Возвращение домой.Том 1 - Пилчер (Пильчер) Розамунд. Страница 120

Три фигуры. На одном из пледов лежала, опершись на локти, Афина, ее белокурые волосы развевались, лицо было скрыто огромными черными очками. Двое мужчин, придвинув кресла, сидели напротив нее. Один — брюнет, другой — блондин. Они так и не переоделись после того, как сходили в церковь, однако сбросили пиджаки, стащили галстуки, закатали рукава сорочек и, несмотря на безукоризненно отглаженные брюки и сверкающие глянцем туфли, выглядели по-домашнему непринужденно.

Три фигуры. Афина и двое молодых людей, с которыми Джудит еще предстояло познакомиться. Она повторила про себя их имена: Гac Каллендер и Руперт Райкрофт. Так который же из них Гac? Человек, который пленил своенравное сердце Лавди и благодаря которому демонстративно грубый подросток, девчонка-сорвиголова всего за несколько дней окончательно преобразилась в блистательную молодую женщину в жакете Скьяпарелли, с накрашенными губами и светом любви в фиалковых глазах.

Лавди, не в силах утерпеть, бросилась к ним бегом и прервала их беседу:

— Где все?

Разговор прекратился. Афина осталась лежать на своем месте, а ее собеседники стали не без труда вылезать из своих шезлонгов.

— Ах, не вставайте, сидите, вы так удобно устроились!.. — запротестовала Лавди.

Джудит последовала за подругой и вышла на освещенную солнцем лужайку, охваченная мгновенной робостью, которая все еще мучила ее при встречах с новыми людьми, и надеясь, что ее смущения никто не заметит. Она отметила, что оба молодых человека высоки ростом, но блондин, особенно сухопарый и длинноногий, был выше своего компаньона.

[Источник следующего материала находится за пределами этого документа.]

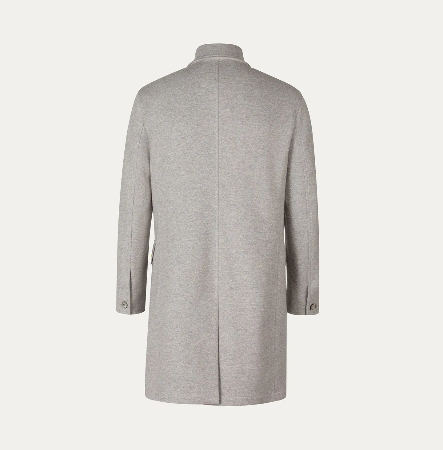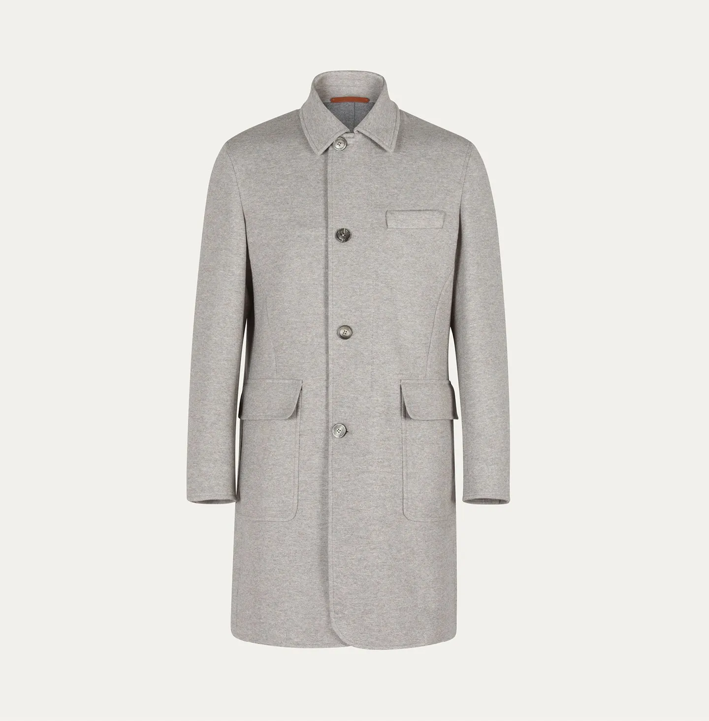 This classic coat is reinterpreted in a contemporary key with clean lines and a double-faced construction that provides lightness and versatility. The design features a traditional collar, front button closure, and flap pockets enriched with a refined leather detail hidden beneath the flap. Its essential structure and carefully crafted details make it the perfect piece to complete both formal and casual looks with the same sophistication.

— …Нет ли здесь чего-нибудь попить? У меня во рту пересохло после всех этих молитв и гимнов.

— Сейчас все будет, потерпи чуть-чуть, — обнадежила сестру Афина. Лавди плюхнулась рядом с ней на плед. Афина обратила темные стекла очков на Джудит:

— Привет, милая, какое удовольствие видеть тебя. Такое ощущение, будто тебя не было сто лет. Ты ведь еще не знакома с Гасом и Рупертом? Молодые люди, это наша дорогая Джудит, она нам почти как сестра. Без нее Нанчерроу всегда кажется каким-то пустым.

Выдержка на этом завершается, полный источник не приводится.